As effective as taking a daily low-dose aspirin can be for some heart issues, it’s definitely not for every heart condition. And, according to a new almost-five-year study published in Neurology, low-dose daily aspirin does nothing to prevent dementia or slow cognitive decline either. 

For most people, studies reaffirm that the increased risk for internal bleeding outweighs the benefits of low-dose daily aspirin. Yet many who shouldn’t take it still do. 

Daily aspirin is recommended only for preventing a second heart attack or second stroke, and it is therefore prescribed only following a heart attack, stroke or diagnosis of peripheral arterial disease, which increases heart attack and stroke risk.  

While a family history of heart disease or high calcium scores on a coronary CT scan also appear to increase cardiovascular risk and may prompt more aggressive prevention measures, statins, blood pressure control, smoking cessation and lifestyle changes such as improved diet and exercise are the best strategies to prevent a first heart attack or stroke. Aspirin may be useful in select individuals but generally is not part of a primary prevention strategy.
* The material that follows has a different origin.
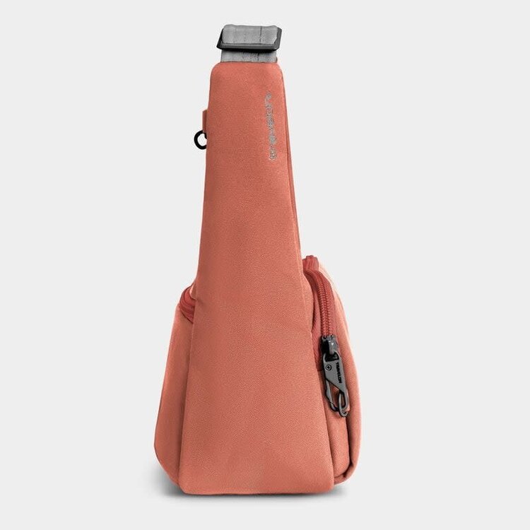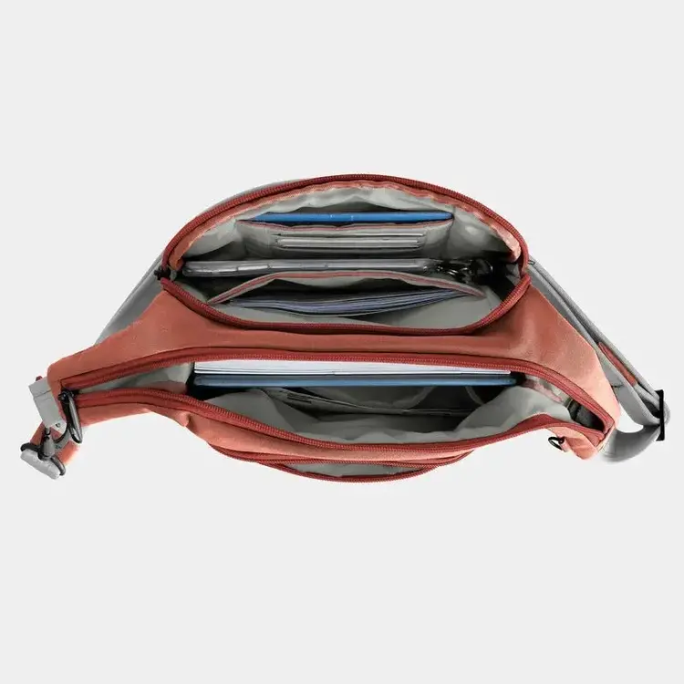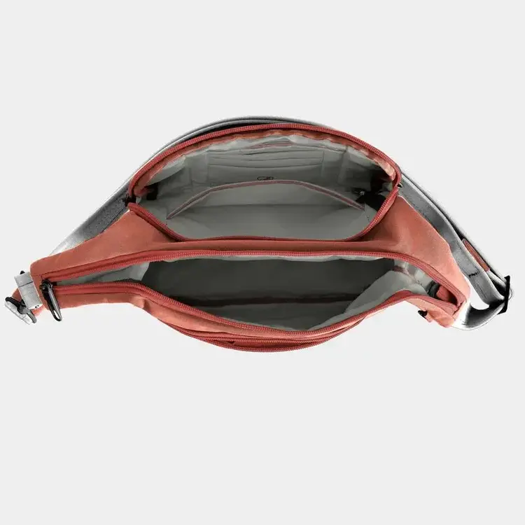 This modern Anti-Theft East/West Crossbody holds a DSLR camera and lens, and provides the convenience of hands-free travel that makes bustling markets or an adventure hike worry-free. Blending style, durability, safety features on every side, premium organization, slash-resistant and lightweight (only 0.85 lbs) performance materials, combined are a game changing experience.

A review of observational studies published in Annals of Oncology found continued evidence that regular aspirin use plays a role in reducing risk for colon and other digestive tract cancers, and prior studies have found that it helps prevent recurrence of some cancers, especially breast cancer. These associations are intriguing, but the ­effect of aspirin on cancer prevention has not been evaluated in a rigorous, randomized controlled trial—medical research’s gold standard. Until then, aspirin shouldn’t be taken solely to reduce cancer risk.

If you are currently taking aspirin daily, ask your doctor about removing it from your regimen. If he/she recommends that you continue, be sure to be monitored for signs of bleeding.